In some situations, Cantaloupe has complete control of all aspects of the payment system by designing the payments device from the bare metal upward. Such is the case for its “ePort G10,” where Cantaloupe designs component assembly, the operating system, the firmware, the code to be compatible with the vending machines, and many other aspects. The company sources microcontrollers and other parts from a variety of different suppliers, most of them small, “niche” suppliers, says Venkatesan.
The main driver to the business going forward is both new vending machines coming online, and the increased volume of purchasing that is going cash-less and, in this case, unattended.
About 65% of the company’s volume of transactions is cash-less now. “That goes down every month,” says Feeney. “That’s from mid-50s [percent] before COVID. We think that will do nothing but continue.”
At the same time, “we continue to add customers, there’s new parties coming into the market, both in vending and verticals,” like the pie shop, says Feeney.
But the future may be more complex kinds of vending, which adds more and more services revenue via the company’s Seed software platform for device management.
Venkatesan and Feeney both see a wave of innovation that will increase those services from simple telematics to much more information-rich transactions with more variables.
The path of vending stuff is about to gain much more detailed data about products that will confront the user, says Venkatesan.
“What’s really coming is the ability to be interactive in more ways than just swiping a credit card,” says Feeney.
“There will be more complex kinds of transactions,” Venkatesan explains. One is more information. “At the simplest level, if I’m buying food, I’ll see some nutritional information, kind-of in an augmented reality way.”
Another kind of transaction will be roboticized actions that may take over what was a sales clerk’s actions.
“It could be not just a vending machine, but a hotel room — some hotels in San Francisco already have this — you have a robotic assistant that comes to bring you stuff.” The ALoft hotel chain is already doing that, Venkatesan points out.

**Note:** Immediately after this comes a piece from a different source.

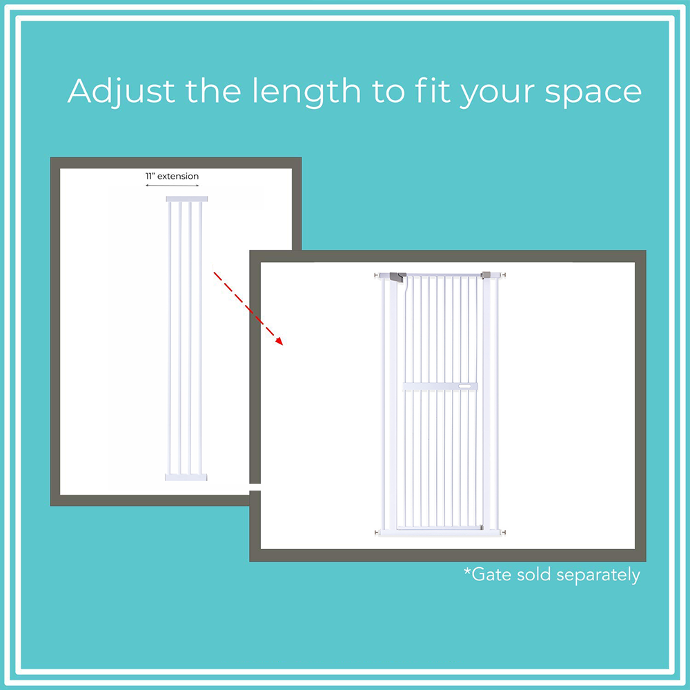 - Adjustable:The security gate product series comes with main gate with or without extension panels for adjustable width. You can choose optional parts of 10.5cm/21cm/32cm to extend your safety gate to fit your space.

The technology of beacons, points of presence that wirelessly communicate with you, will be part of it as well. Today, the technology doesn’t scale, says Venkatesan.
“The second aspect now is the technology to map indoor locations,” he notes. “Google has invested heavily, and Apple has invested heavily, and, by the way, we have very close relationships with both of those companies.”
“When we unlock that indoor mapping when you need to find something, you just walk up to that location, whether your first day at the office cafeteria or something else — all those interactions will look very different from where they are today.”
Touch-less technology, Venkatesan says, where you don’t have to press buttons on a vending machine is very close to being an element in retail. “It is imminent,” he says.
Even if the world is slowly coming out of pandemic times, Feeney believes the appeal of remote, unattended, cash-less, and even touch-less commerce will persist in some form.
“I think it will be somewhat less than what we’ve seen now, but usually when these things happen, they stick,” Feeney says of the unattended commerce wave.
With rising complexity of transactions, the software subscriptions part of the business will become a more and more meaningful part of the revenue for Cantaloupe. Wall Street likes to see lots of data from a subscription business, such as annualized recurring revenue. Right now, transactions for hardware are lumped in with subscription revenue as one quarterly revenue number.
Feeney expects to add more of that disclosure over time.
“The Street always wants more information,” he concedes. “We will look to reporting some of the more standard SaaS or cloud KPIs [key performance indicators] going forward.”
“I think we’ll get to a point where we’ll probably break out the subscription revenue over the coming twelve to eighteen months, that just makes sense.”